■ HOW TO COMPLETE THIS TASK:
Beginning at the first line of the material, output each line exactly until you reach and include the line containing "最后,在场的领导老师、学生党". Leave every picture out.

■ EXERCISE INPUT:
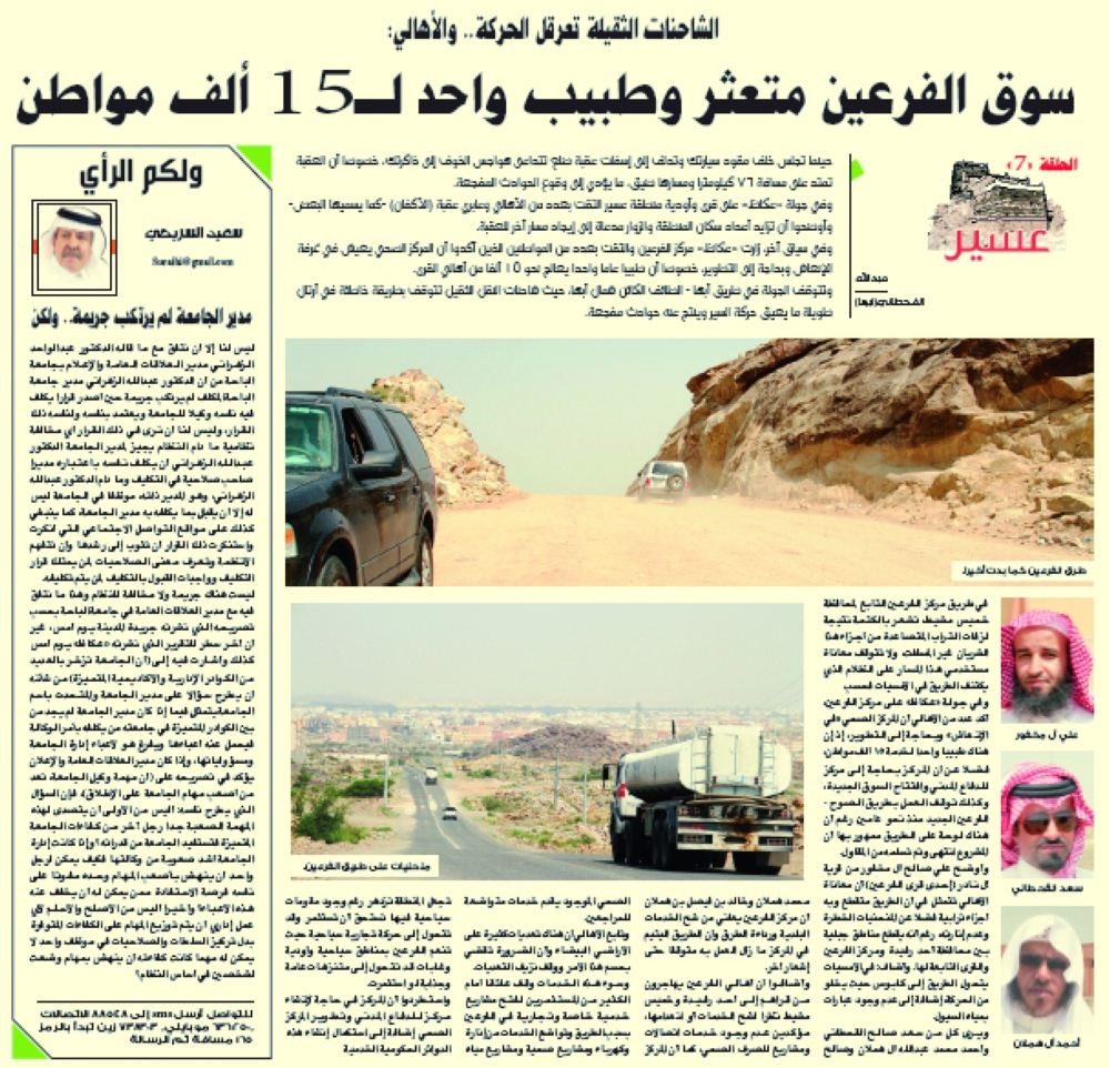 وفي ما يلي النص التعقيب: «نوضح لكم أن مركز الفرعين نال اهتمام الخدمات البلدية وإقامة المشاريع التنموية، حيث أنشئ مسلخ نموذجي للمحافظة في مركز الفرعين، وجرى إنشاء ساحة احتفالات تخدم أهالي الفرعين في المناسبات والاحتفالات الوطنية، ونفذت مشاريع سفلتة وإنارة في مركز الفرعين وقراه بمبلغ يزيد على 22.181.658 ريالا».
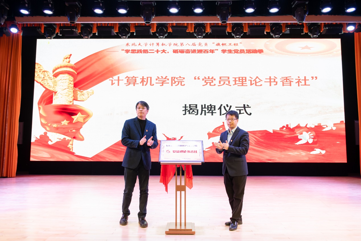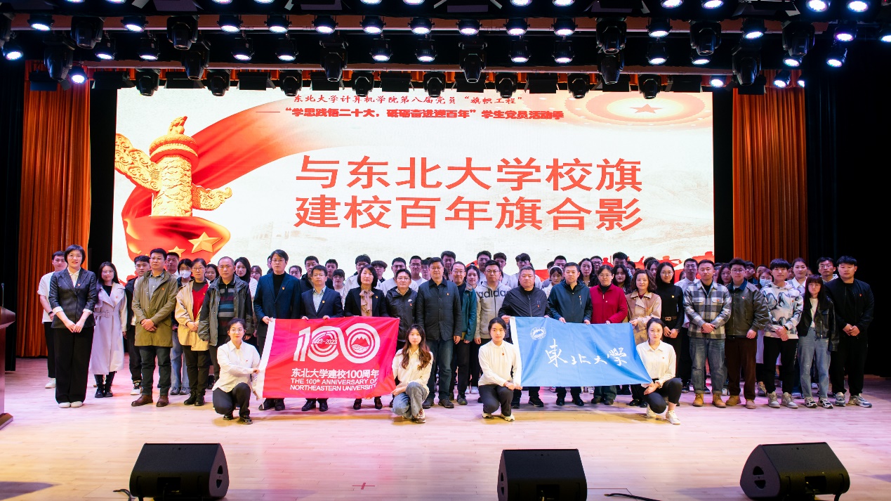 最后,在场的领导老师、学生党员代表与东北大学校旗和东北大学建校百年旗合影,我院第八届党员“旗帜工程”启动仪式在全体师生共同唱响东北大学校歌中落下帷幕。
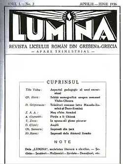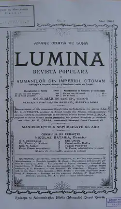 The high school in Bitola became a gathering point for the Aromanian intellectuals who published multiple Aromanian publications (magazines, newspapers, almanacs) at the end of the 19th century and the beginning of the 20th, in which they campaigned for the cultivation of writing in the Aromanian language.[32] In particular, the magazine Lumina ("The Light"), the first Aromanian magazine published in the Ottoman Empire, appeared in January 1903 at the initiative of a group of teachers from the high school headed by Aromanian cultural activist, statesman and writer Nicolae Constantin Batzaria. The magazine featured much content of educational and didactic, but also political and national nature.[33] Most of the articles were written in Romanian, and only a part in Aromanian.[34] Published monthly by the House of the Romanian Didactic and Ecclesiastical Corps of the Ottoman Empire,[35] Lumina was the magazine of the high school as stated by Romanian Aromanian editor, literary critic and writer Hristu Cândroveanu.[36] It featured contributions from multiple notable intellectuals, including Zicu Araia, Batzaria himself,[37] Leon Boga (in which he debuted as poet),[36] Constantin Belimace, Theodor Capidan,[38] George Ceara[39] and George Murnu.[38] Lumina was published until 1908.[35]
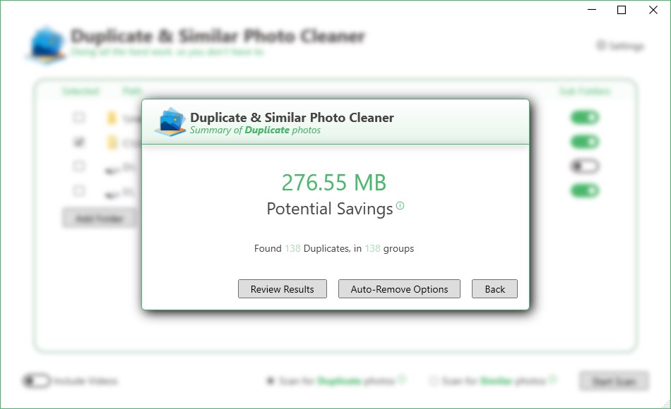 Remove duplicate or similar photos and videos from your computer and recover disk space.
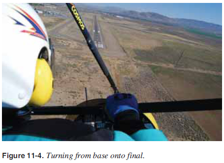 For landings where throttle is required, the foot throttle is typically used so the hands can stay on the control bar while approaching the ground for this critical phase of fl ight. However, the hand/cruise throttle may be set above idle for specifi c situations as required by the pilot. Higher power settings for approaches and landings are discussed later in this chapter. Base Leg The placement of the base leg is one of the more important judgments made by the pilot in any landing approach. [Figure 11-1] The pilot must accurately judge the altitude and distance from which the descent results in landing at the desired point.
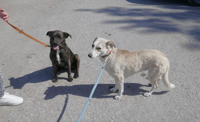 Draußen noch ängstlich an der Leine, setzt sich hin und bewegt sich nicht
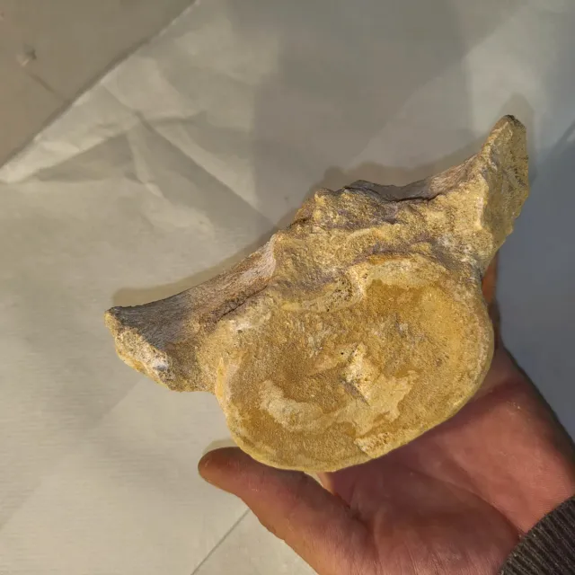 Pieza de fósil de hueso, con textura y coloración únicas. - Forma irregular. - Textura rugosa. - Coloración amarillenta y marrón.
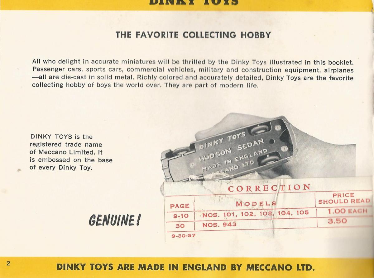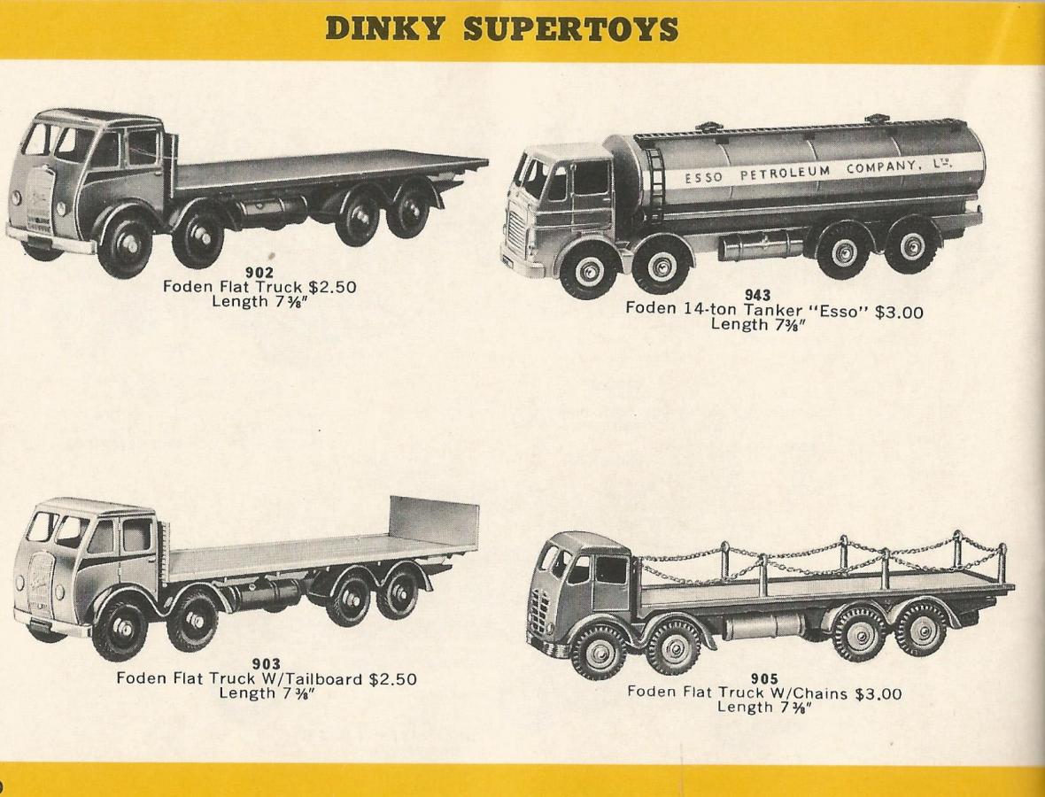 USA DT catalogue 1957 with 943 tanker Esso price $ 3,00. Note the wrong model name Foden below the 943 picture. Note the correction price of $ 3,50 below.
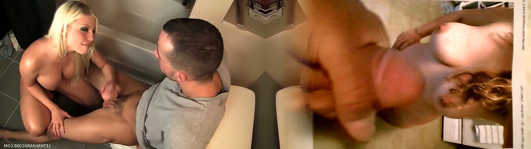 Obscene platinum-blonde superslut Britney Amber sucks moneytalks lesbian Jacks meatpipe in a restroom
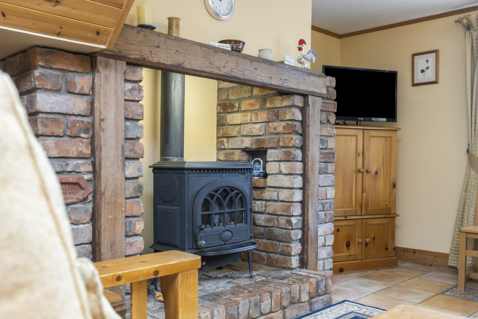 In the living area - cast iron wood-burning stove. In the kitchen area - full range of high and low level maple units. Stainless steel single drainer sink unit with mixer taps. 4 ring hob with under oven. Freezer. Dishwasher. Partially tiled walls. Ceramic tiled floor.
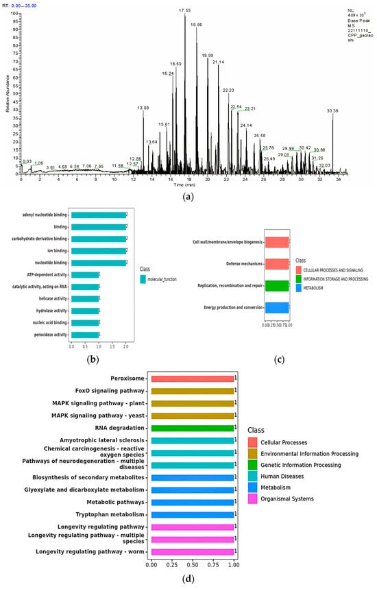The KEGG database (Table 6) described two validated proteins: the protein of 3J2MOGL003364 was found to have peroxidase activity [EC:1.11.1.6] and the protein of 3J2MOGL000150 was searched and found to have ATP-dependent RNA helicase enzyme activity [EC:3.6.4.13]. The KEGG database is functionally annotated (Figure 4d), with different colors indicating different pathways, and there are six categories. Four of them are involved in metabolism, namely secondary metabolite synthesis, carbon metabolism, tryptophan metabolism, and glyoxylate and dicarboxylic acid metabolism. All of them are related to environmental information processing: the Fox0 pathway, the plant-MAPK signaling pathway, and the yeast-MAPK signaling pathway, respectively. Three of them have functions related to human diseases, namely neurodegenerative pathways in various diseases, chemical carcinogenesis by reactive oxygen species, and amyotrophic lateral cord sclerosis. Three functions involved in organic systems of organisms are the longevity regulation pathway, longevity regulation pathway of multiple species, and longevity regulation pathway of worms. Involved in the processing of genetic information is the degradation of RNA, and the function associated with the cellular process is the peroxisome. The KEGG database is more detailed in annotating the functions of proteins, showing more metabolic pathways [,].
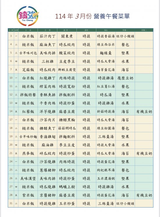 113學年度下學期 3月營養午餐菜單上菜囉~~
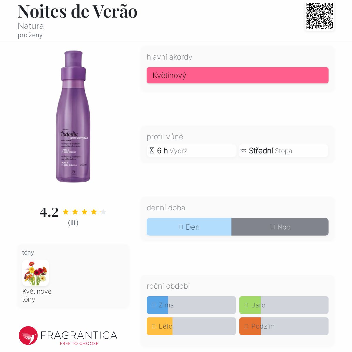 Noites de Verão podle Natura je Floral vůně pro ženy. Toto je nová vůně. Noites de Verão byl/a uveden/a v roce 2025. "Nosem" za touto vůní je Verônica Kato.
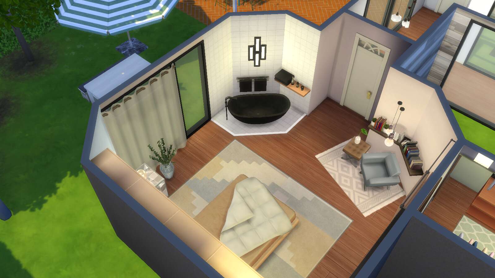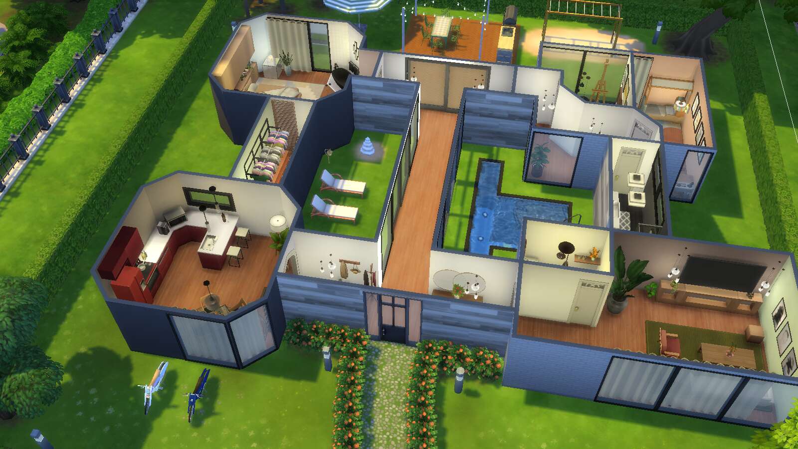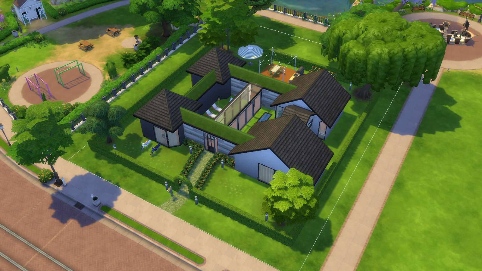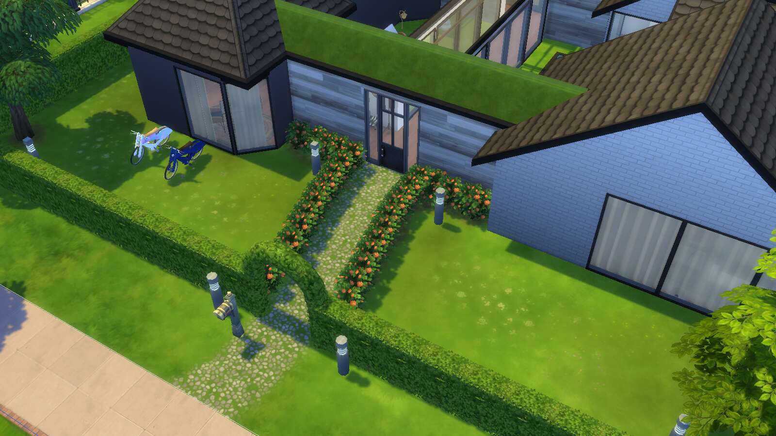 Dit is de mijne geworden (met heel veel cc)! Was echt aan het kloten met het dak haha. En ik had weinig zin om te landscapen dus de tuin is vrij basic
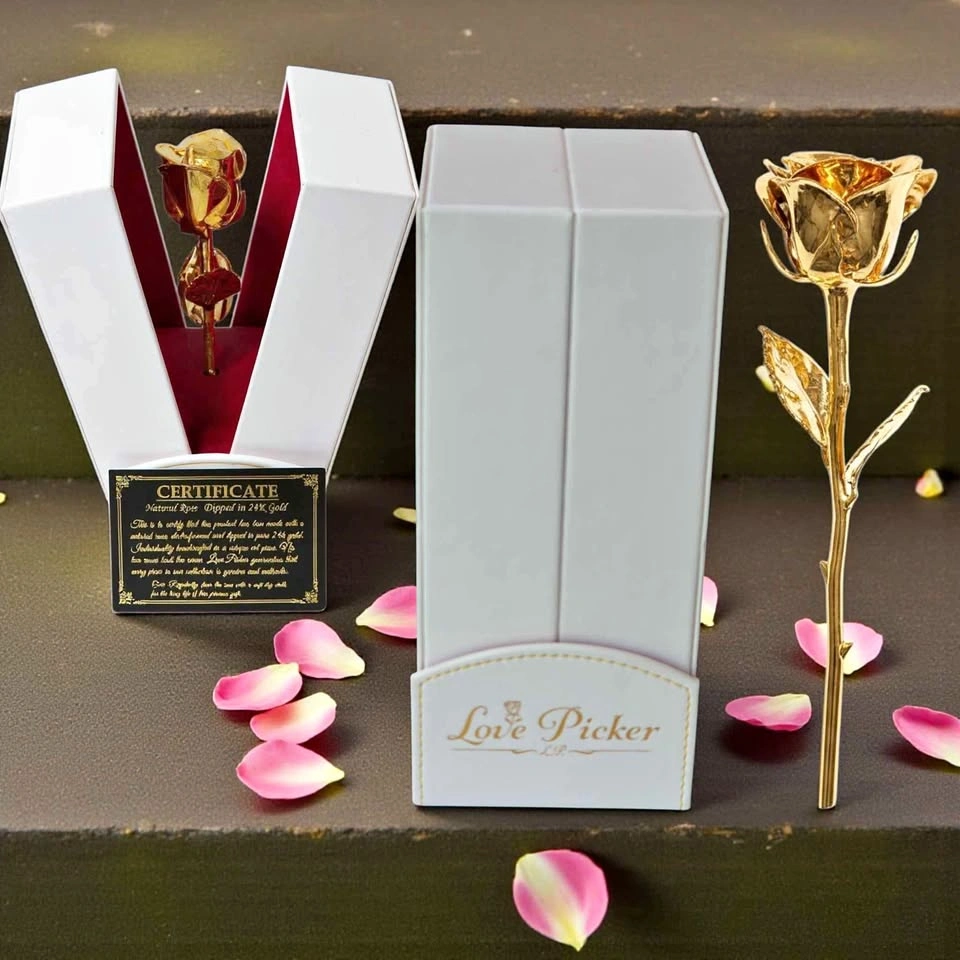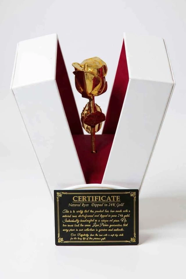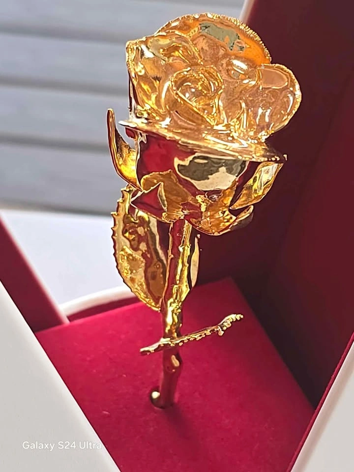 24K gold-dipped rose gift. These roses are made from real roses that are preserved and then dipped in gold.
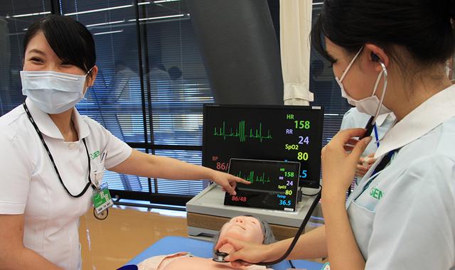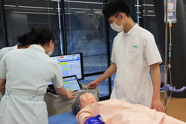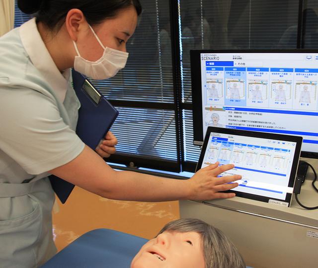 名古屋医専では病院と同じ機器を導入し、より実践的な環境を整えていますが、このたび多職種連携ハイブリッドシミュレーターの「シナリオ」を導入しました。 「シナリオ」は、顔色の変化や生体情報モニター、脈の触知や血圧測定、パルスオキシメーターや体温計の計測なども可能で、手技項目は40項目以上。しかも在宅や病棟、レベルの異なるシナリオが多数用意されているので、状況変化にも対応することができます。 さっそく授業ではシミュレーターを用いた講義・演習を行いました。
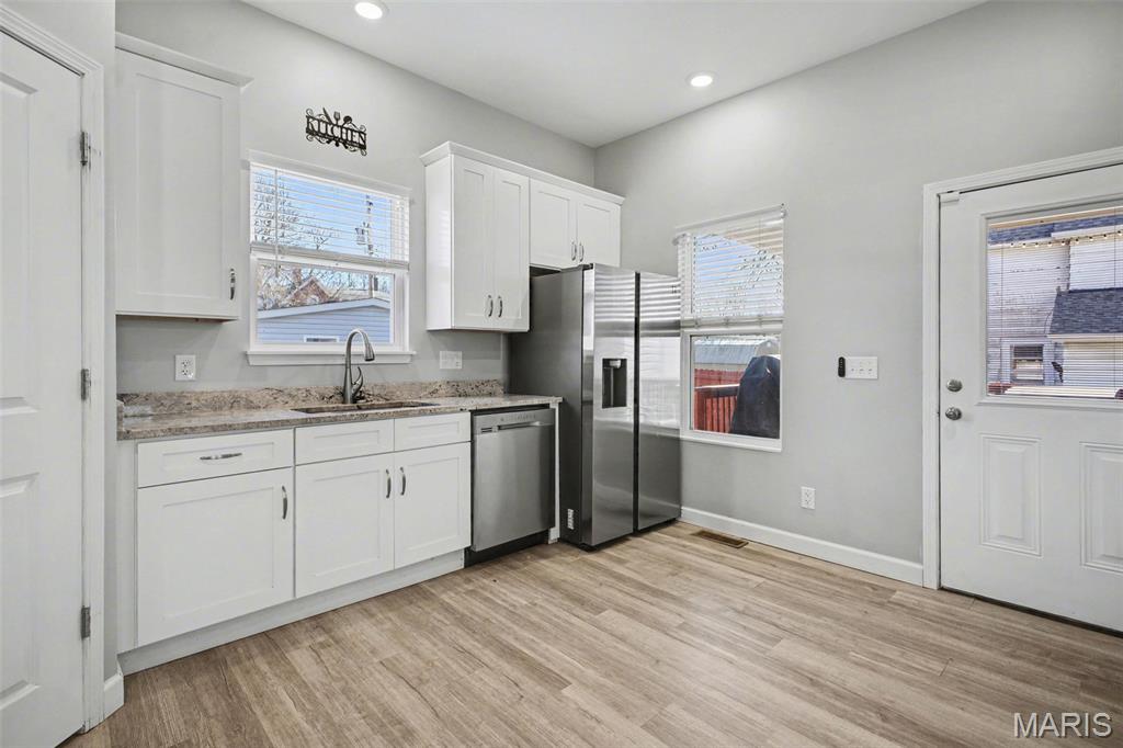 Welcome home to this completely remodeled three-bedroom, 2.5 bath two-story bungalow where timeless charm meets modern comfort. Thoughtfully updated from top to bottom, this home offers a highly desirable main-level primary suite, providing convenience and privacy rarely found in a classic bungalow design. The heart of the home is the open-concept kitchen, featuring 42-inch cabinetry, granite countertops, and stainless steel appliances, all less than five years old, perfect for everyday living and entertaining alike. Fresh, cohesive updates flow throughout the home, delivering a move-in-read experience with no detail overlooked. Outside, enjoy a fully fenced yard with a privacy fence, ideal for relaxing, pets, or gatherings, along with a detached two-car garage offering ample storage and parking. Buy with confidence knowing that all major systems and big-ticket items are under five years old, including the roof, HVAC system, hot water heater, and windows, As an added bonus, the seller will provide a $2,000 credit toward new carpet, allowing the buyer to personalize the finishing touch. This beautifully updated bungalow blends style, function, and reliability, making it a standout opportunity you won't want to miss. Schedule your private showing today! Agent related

■ WRITTEN ANSWER:
 وفي ما يلي النص التعقيب: «نوضح لكم أن مركز الفرعين نال اهتمام الخدمات البلدية وإقامة المشاريع التنموية، حيث أنشئ مسلخ نموذجي للمحافظة في مركز الفرعين، وجرى إنشاء ساحة احتفالات تخدم أهالي الفرعين في المناسبات والاحتفالات الوطنية، ونفذت مشاريع سفلتة وإنارة في مركز الفرعين وقراه بمبلغ يزيد على 22.181.658 ريالا».
 最后,在场的领导老师、学生党员代表与东北大学校旗和东北大学建校百年旗合影,我院第八届党员“旗帜工程”启动仪式在全体师生共同唱响东北大学校歌中落下帷幕。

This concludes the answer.